Members of the Less Wrong community who are interested in this topic might find it useful to study the research of Deborah Small.
For about 3 years now I've been giving to a number of charities through a monthly standing order. Initially setting it up was very satisfying and choosing the charities was a little like purchasing a new gadget, assuming a hands on experience is not available, and there are no trusted reviewers, I look at the various options and go with the ones whose advertising most closely reflected my personality and who looked the least like charlatans. With gadget purchases I find these indirect signals much more informative of the experience with the product than any enumeration of features, while individual statistics can convey value (and certainly attract attention) they often obscure the interaction experience or final quality.
So it is with charities, I cannot easily experience for myself whether they convey benefit, nor have I found a trusted source of recommendations. Charities don't tend to focus on the statistics of their work often preferring to focus on the emotions of the problem, perhaps reflecting the reality that naive, emotional people are the most likely to give to charity. Even when statistics are used they are like the feature lists for the gadgets, I feel no confidence that they reflect the whole picture.
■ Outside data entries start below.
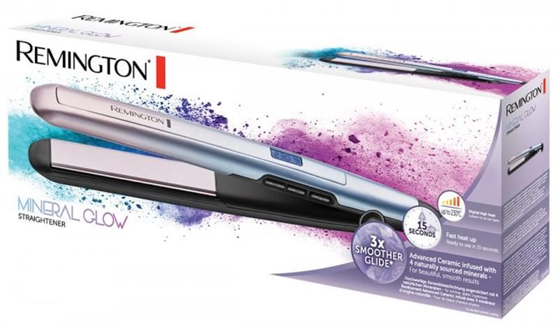 Випрямляч Remington Mineral Glow S5408 виконаний у приголомшливому градієнті від синього до бузкового і дає змогу без зусиль вирівнювати волосся або створювати легкі хвилі. Пластини приладу оснащені вдосконаленим керамічним покриттям, з додаванням чотирьох натуральних мінералів - кварцу, турмаліну, опалу і місячного каменю.
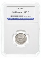 50 пенни (pennia) 1915 S, монета для Финляндии в слабе HHP MS 62
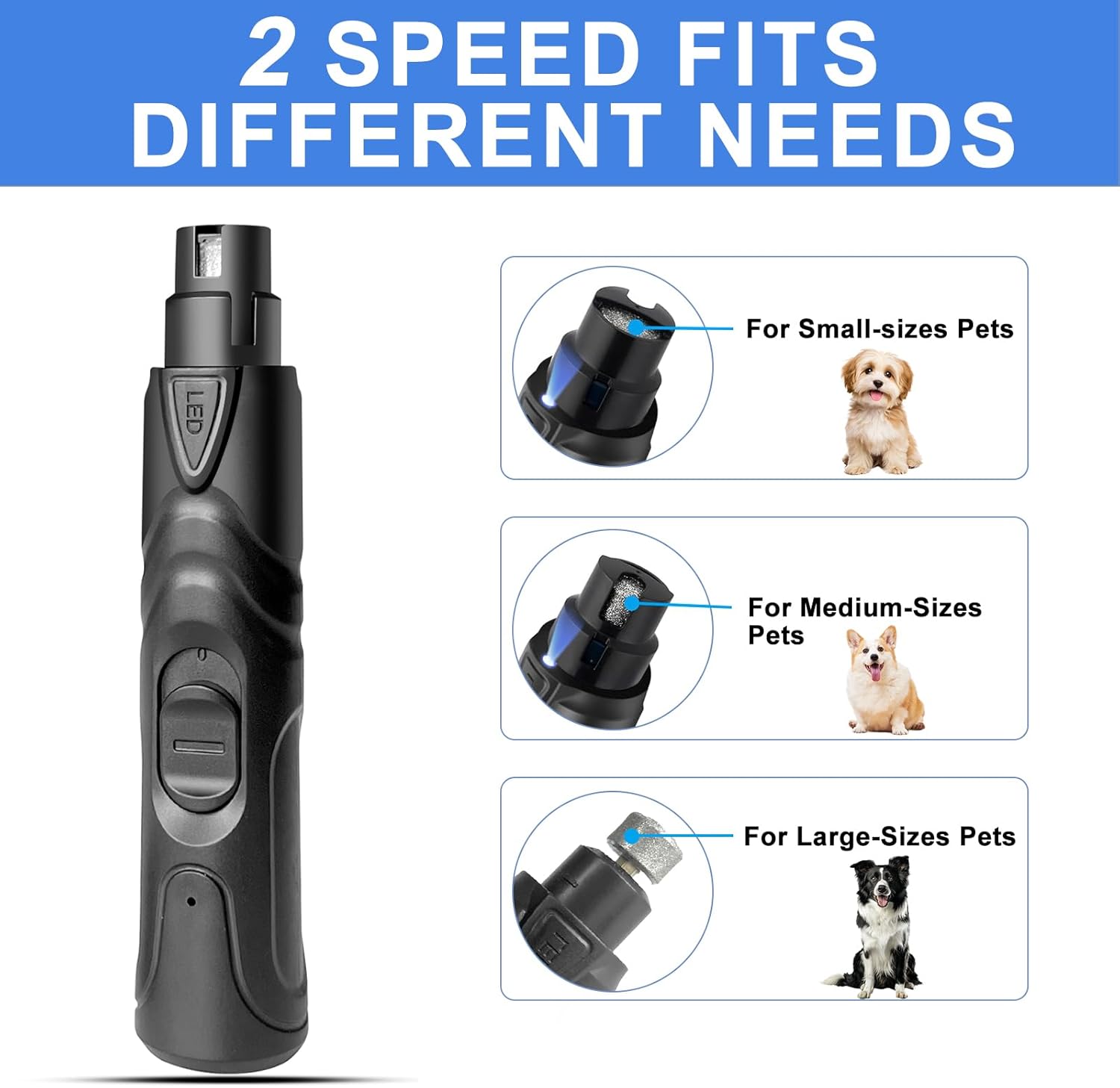 2-Speed LED Dog Nail Grinder,Professional Electric Pet Nail Trimmer with Quiet Motor, Painless Paws Grooming & Smoothing for Small/Medium/Large Dogs and Cats (Black)

While I have received some satisfaction from my donations, I do feel uncomfortable with the lack of confidence I have that my donations are actually causing an improvement, or whether they are directed towards genuine priorities. From my experiences in work I am familiar with the enormous waste within many organisations and how small steps of progress can be eradicated by later poor decision making.
What I really want is a kind of economics of suffering, a measurement of the various problems that I can apply my own weights and hypotheses to. I would like to see a comparison of the expected loss of life, and loss of quality of life, due to temperature rises, famines, AIDs, cancer etc. as well as the expected rate of return on my investment: have any of the charities I can give money to achieved progress or do they just maintain a status quo. How many charities have done the equivalent of eradicating small pox (i.e. solved a problem). Does anyone know of anything like this? I think it would be a much more valuable step than using rationality to empower the emotional arms race between charities.
Have you seen GiveWell before? If not, it's well worth looking into.
If you have seen GiveWell before and don't trust its recommendations, why? They're always looking to improve and would welcome suggestions.